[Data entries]

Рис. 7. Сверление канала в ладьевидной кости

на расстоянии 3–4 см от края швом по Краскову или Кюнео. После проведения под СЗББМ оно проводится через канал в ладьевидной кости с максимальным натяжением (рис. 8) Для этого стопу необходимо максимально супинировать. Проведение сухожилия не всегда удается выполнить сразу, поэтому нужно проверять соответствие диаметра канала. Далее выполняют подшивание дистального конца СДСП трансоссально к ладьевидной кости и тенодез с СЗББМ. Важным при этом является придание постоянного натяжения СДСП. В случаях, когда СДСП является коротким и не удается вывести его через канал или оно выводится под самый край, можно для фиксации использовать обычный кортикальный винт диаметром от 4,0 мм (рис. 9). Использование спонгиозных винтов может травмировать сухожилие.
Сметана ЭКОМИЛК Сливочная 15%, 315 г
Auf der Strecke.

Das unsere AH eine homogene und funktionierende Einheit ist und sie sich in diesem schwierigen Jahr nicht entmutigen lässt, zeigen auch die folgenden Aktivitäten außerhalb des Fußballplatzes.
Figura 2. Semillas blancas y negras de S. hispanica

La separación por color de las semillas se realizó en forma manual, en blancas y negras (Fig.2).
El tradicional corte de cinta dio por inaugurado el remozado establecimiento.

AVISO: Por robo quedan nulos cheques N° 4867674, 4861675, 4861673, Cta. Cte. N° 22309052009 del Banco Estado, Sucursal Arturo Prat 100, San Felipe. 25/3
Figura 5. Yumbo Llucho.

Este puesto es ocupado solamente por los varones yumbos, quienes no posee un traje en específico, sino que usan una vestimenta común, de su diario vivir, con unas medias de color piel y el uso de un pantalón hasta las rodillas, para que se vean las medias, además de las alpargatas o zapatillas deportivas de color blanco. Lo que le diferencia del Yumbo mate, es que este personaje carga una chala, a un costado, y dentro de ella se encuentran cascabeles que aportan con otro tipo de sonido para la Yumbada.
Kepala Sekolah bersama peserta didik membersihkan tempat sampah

...

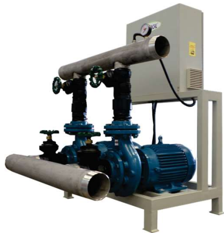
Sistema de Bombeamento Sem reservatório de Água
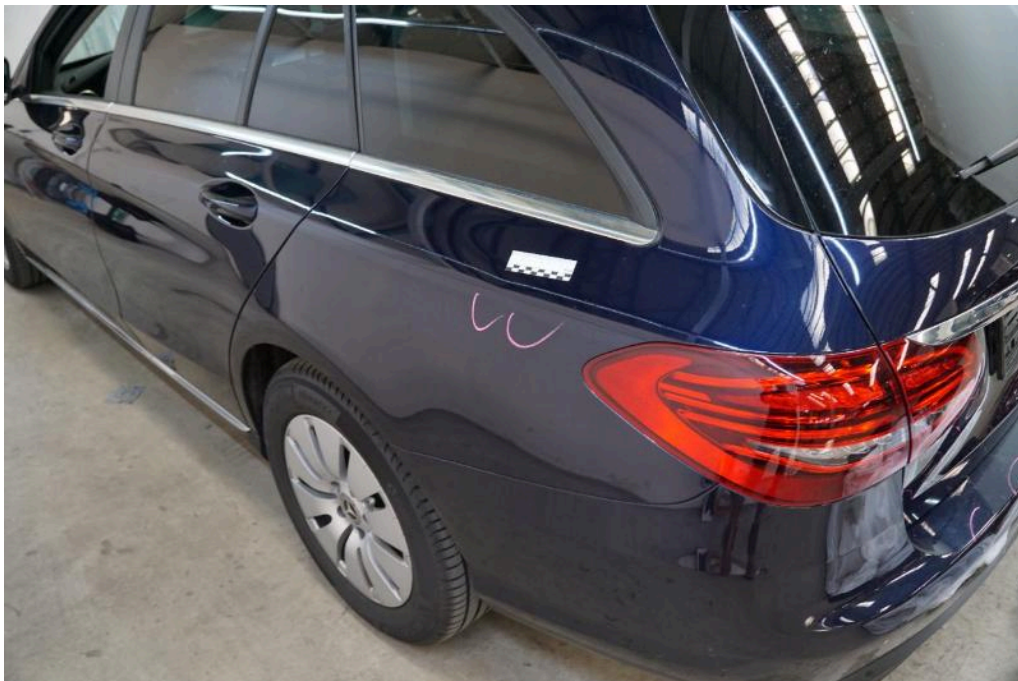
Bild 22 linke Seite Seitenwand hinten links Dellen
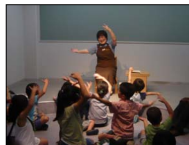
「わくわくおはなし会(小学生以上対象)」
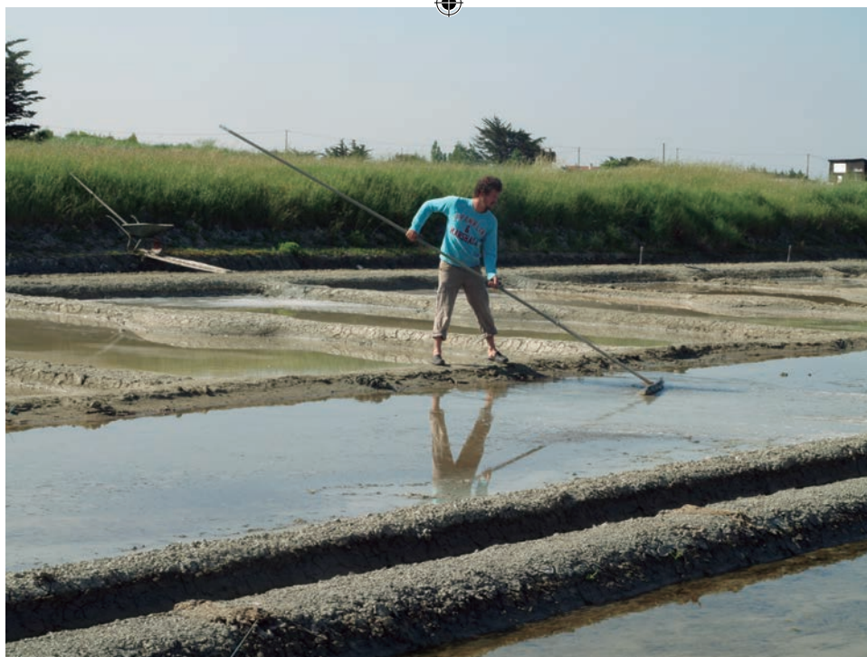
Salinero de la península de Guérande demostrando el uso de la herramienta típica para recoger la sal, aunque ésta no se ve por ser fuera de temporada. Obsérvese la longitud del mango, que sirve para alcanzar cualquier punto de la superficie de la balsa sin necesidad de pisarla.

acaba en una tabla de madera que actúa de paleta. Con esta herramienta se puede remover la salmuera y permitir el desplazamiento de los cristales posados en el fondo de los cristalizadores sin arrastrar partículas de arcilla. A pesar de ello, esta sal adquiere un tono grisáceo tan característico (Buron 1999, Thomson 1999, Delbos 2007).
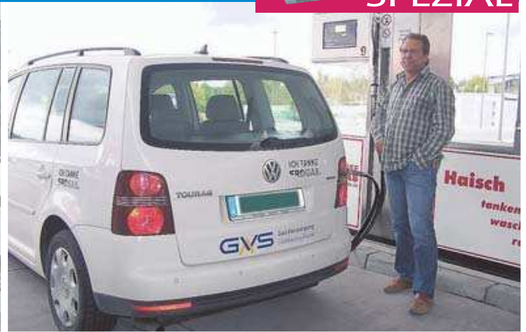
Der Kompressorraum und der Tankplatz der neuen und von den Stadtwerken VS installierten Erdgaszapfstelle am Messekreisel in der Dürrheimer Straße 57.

* _What you need to do_
From the records above, print exactly the lines that run from the line with "Сметана ЭКОМИЛК Сливочная 15%, 315 г" to the line with "AVISO: Por robo", inclusive.

* _Reply to the exercise_
Сметана ЭКОМИЛК Сливочная 15%, 315 г
Auf der Strecke.

Das unsere AH eine homogene und funktionierende Einheit ist und sie sich in diesem schwierigen Jahr nicht entmutigen lässt, zeigen auch die folgenden Aktivitäten außerhalb des Fußballplatzes.
Figura 2. Semillas blancas y negras de S. hispanica

La separación por color de las semillas se realizó en forma manual, en blancas y negras (Fig.2).
El tradicional corte de cinta dio por inaugurado el remozado establecimiento.

AVISO: Por robo quedan nulos cheques N° 4867674, 4861675, 4861673, Cta. Cte. N° 22309052009 del Banco Estado, Sucursal Arturo Prat 100, San Felipe. 25/3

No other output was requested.